Kamis, Juli 25, 2024

Cari HP di Bawah...

Mencari HP dengan harga terjangkau namun tetap memiliki performa yang handal memang bisa...

Siswa Diduga Keracunan Selepas...

SIGLI - Jumlah siswa yang dirawat akibat dugaan keracunan setelah konsumsi nasi gurih...

Spanduk Dukungan Bustami Maju...

LHOKSEUMAWE - Sejumlah spanduk berisi dukungan kepada Bustami Hamzah untuk mencalonkan diri sebagai...

Yayasan Geutanyoe Rayakan Hari...

LHOKSEUMAWE - Yayasan Geutanyoe merayakan Hari Anak Nasional tahun 2024 bersama 227 anak...
BerandaNewsHebatnya Ayah dan...

Hebatnya Ayah dan Ibu

*Nia Kartini

Pengalaman yang kelam dan menyakitkan akan berujung pada sesuatu yang biasa kita sebut dengan trauma. Menurut pandangan psikologi, semakin sakit luka yang dirasakan, semakin sukar pula disembuhkan.

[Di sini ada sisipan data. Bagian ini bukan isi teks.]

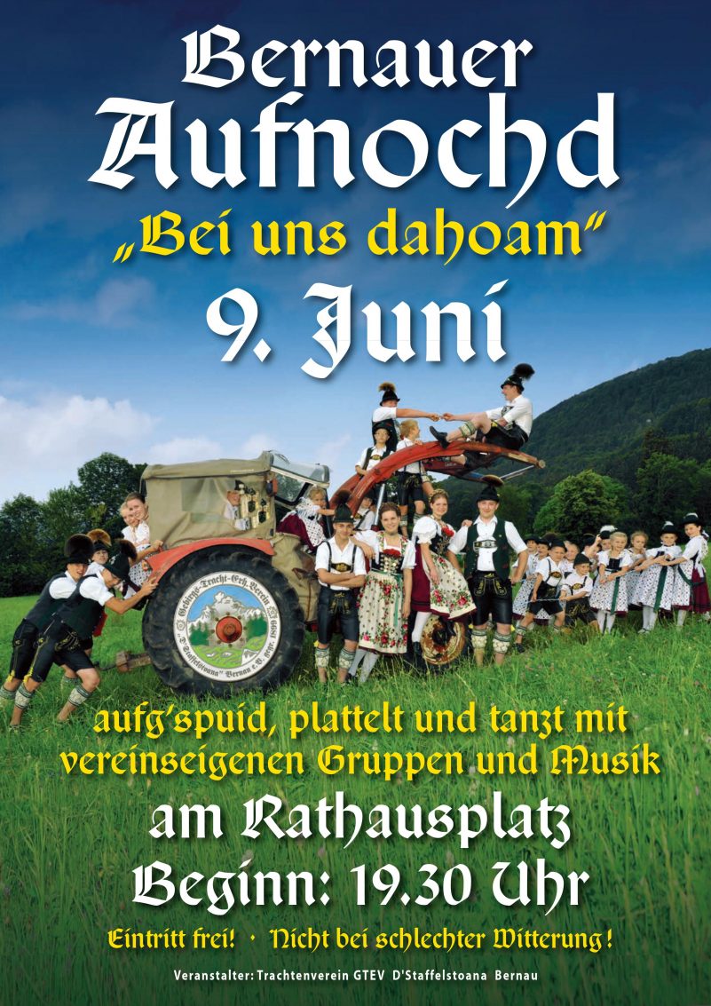 Der Trachtenverein „D’Staffelstoana“ Bernau veranstaltet am Samstag, 09. Juni und am Freitag, 22. Juni jeweils um 19.30 Uhr einen Bernauer Aufnocht am Rathausplatz. Unter dem Motto „Bei uns Dahoam“ und „Zur Sonnwend“ treten vereinseigene Musikgruppen sowie die Kinder-, Jugend und Aktivengruppe auf. Der Eintritt ist frei und für Getränke ist gesorgt. Bei Regen wird die Freiluftveranstaltung kurzfristig abgesagt.

Tidakkah kita bertanya-tanya, mengapa seorang ibu tidak mengalami trauma setelah melahirkan? Dilihat dari pendekatan biologi, ''Tubuh seorang manusia hanya dapat menahan 45 del (unit) dari rasa sakit. Ketika melahirkan, seorang wanita merasakan sekitar 57 del (unit) dari rasa sakit. Hal ini serupa dengan sekitar 20 tulang retak di waktu yang sama'' Juga mengingat, ia telah lelah mengandung paling tidak selama tujuh bulan.

Hebatnya, tidak sedikit ibu yang ingin melahirkan lagi dan lagi hingga dokter memberitahukan bahwa tubuhnya tidak sanggup lagi untuk menahan beban mengandung dan melahirkan.

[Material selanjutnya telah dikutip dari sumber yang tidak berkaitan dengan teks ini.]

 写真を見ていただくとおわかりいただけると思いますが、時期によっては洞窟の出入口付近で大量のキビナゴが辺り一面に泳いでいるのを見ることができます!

Sebenarnya, kekuatan magis apa yang menyebabkan rasa sakit tersebut seolah hilang? Bukan, itu bukan kekuatan magis. Kekuatan magis saja tidak mampu menjadi obat rasa letih walau hanya untuk satu hari dalam masa mengandung.

Tubuh manusia mempunyai berbagai macam kurir kimia yang diproduksi oleh kelenjar-kelenjar endokrin, kurir-kurir kimia tersebut dinamakan dengan hormon. Hormon memiliki tugas khusus dan dapat mempengaruhi emosi dan perasaan seorang individu. Di antara banyak hormon yang diproduksi oleh kelenjar hipofisis yang terletak pada dasar otak besar adalah hormon oksitosin.

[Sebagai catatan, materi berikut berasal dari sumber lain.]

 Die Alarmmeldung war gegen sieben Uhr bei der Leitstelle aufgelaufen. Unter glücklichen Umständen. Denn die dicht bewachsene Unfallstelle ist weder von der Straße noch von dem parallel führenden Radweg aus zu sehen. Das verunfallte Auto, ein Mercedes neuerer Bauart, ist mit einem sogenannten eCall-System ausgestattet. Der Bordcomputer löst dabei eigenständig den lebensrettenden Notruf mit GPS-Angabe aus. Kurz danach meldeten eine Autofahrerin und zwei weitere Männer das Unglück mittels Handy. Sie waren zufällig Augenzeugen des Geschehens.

Kata oksitosin berasal dari bahasa Yunani, berarti kelahiran cepat. Oksitosin berfungsi merangsang kontraksi yang kuat pada dinding rahim sehingga mempermudah proses kelahiran. Oksitosin juga merupakan faktor dalam pengalaman orang tua yang merasa jatuh cinta pada pandangan pertama dengan bayi mereka (Febo, dkk, 2005; Numan, 2006). Ya, hormon inilah yang diduga kuat perangsang utama rasa cinta ibu terhadap bayinya.

Akan tetapi, apakah kita yakin hanya karena fungsi hormon tersebutlah ibu kita dapat mengasuh, mengajar, mendidik, dan membesarkan kita dengan rasa kasih dan sayang tiada tara? Saya pribadi meyakini bahwa rasa sayang ibu terhadap anaknya adalah anugerah kodrati yang dimiliki setiap wanita. Psikiater Inggris, John Bowlby (1969, 1989) berteori bahwa bayi dan ibunya secara naluriah menjalin kelekatan.

Tahukah Anda, satu-satunya tempat manusia terbebas dari kuman dan bakteri adalah di rahim seorang ibu? (Veli Karabuga, Mata Air; 2014) Sejak detik pertama manusia dilahirkan, ia mulai dihantui oleh ancaman beribu bakteri dan kuman.

Maha suci Tuhan yang telah menyediakan suatu asupan makanan yang tidak hanya mengenyangkan, tetapi juga berfungsi sebagai pelindung kekebalan tubuh untuk seorang bayi mungil. Makanan tersebut adalah air susu ibu (ASI).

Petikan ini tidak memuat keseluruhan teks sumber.